Beim Tabellenletzten der Kreisliga Nordsachsen, dem LRC Mittelsachsen II (8./2:14) ist die HSG Neudorf-Döbeln III (3./12:6) klarer Favorit. Alles andere als ein HSG-Erfolg wäre eine Überraschung. Auch die vierte Vertretung der HSG Neudorf-Döbeln (1./16:4) ist beim VfB Torgau II (7./ 3:15) favorisiert. Im Kampf um die Meisterschaft dürfen sich die Neudorf-Döbelner keine Blöße mehr geben. In der Begegnung zwischen dem SV Leisnig II (4./10:8) und der HSG Muldental II (5./8:8) treffen zwei Mannschaften auf Augenhöhe aufeinander. Doch die Leistungen der letzten Begegnungen sprechen eindeutig für die Bergstädter.

HSG-Frauen: Die Zeichen stehen auf Sieg

Beim VfB Bischofswerda (7./14:14) sollten die Sachsenliga-Damen der HSG Neudorf-Döbeln (3./19:9) keine größeren Probleme haben. Momentan läuft es bei den Saupe-Mädels recht gut und die Einstellung stimmt. Immerhin gelang es ihnen ja in der Vorwoche, einen Neun-Tore-Rückstand noch in einen Sieg umzuwandeln. Mit solch einer Moral können die Zeichen in Bischofswerda nur auf Sieg stehen.

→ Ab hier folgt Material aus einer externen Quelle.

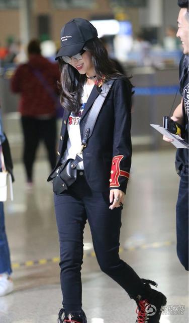 騰訊娛樂訊 23日下午,Angelababy現(xiàn)身上海機(jī)場,一身紅黑拼色西裝讓Baby看起來十分帥氣有型。
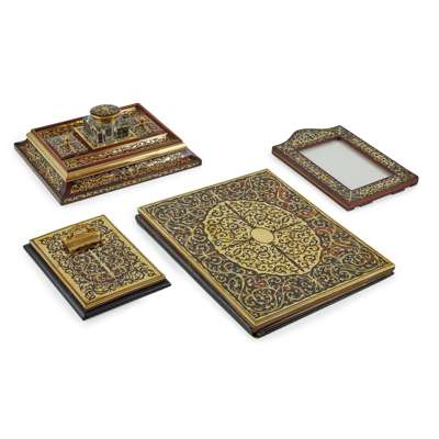 FRENCH FOUR-PIECE BOULLE MARQUETRY DESK SET Y
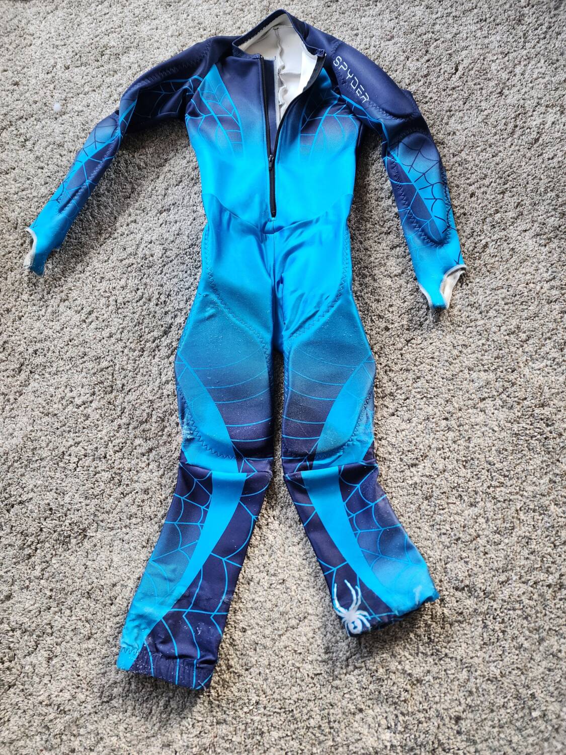 Spyder Speed suit with pads. Kids size 8 to 10 years old. Has wear on it, but will work!
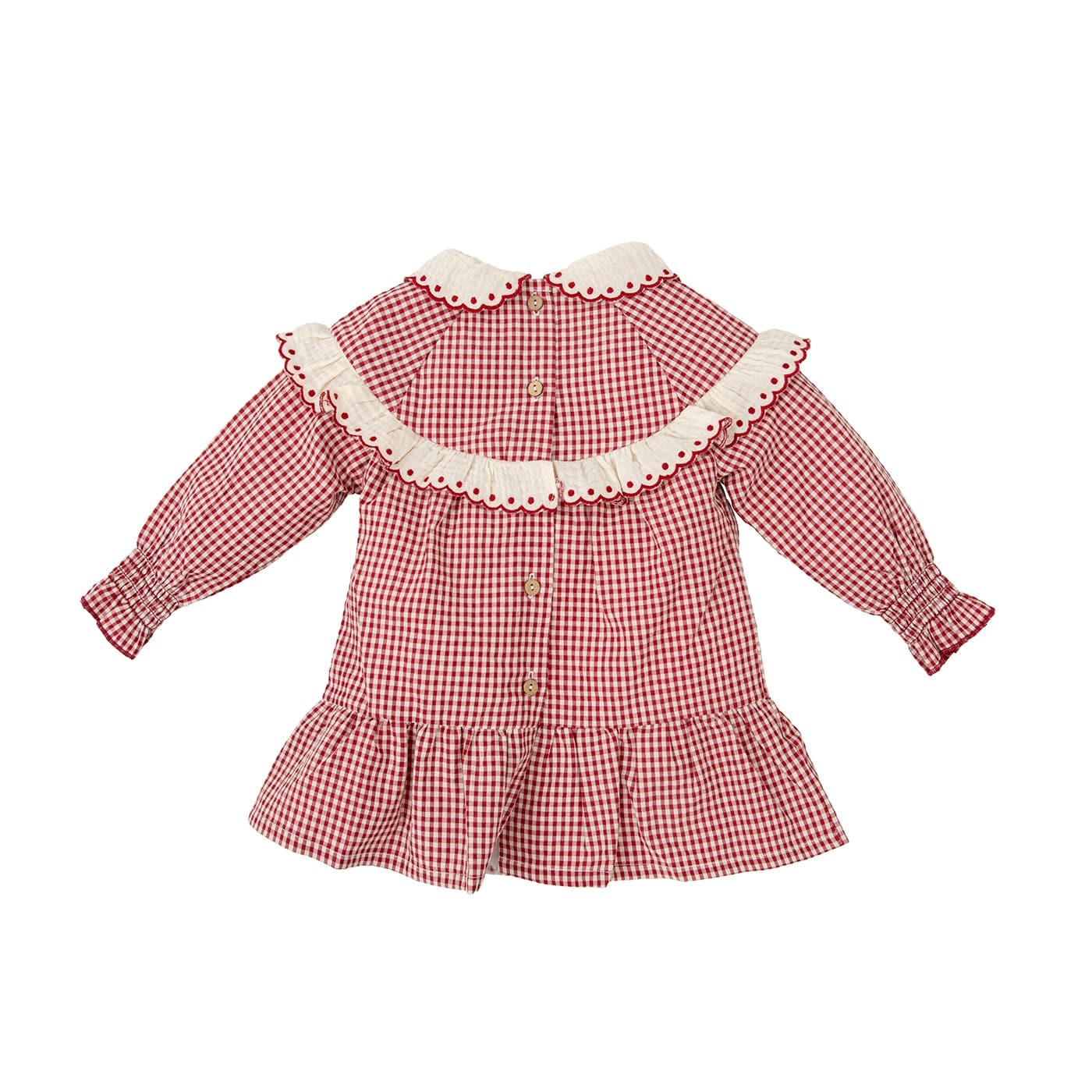 Detalle volantes y cuello con bordados.

Beim HSV Glauchau (6./13:15) werden es die Verbandsliga-Damen des VfL Waldheim (9./9:19) sehr schwer haben, ihr Punktekonto aufzubessern. Sicher zählen die Glauchauerinnen nicht zu den Spitzenmannschaften der Verbandsliga, aber gerade in heimischer Umgebung wird die Mannschaft für die VfL-Sieben doch eine Nummer zu groß sein.

Der Bezirksliga-Tabellenletzte SV Leisnig (12./2:26) ist im Spiel gegen die TSG Taucha II (8./11:15) erneut krasser Außenseiter. Dementsprechend unbeschwert könnten die Leisnigerinnen aufspielen, um so vielleicht den Gegner zu überraschen. Es besteht immerhin noch eine Minimalchance auf den Klassenerhalt. Beim ungeschlagenen Spitzenreiter HSG Rückmardorf (1./28:0) ist die HSG Neudorf-Döbeln II (6./13:15) nur Außenseiter. Die Gastgeberinnen haben den Aufstieg fest im Visier und werden alles daran setzen, ihre weiße West so lange als möglich zu behalten. Für die Gäste-Sieben kann es nur darum gehen, sich mit einer ordentlichen Leistung gut aus der Affäre zu ziehen.

Beim LSV Süd-West II (4./15:7) gehen die Bezirksklasse-Damen der HSG Muldental (6./11:9) nicht chancenlos ins Rennen. Von der Spielstärke her sind beide Mannschaften nicht all zu weit von einander entfernt, so dass ein Erfolg der Muldentalerinnen gar nicht so abwegig wäre. Doch dafür müsste die Mannschaft von Beginn an investieren und den Gegner unter Druck setzen.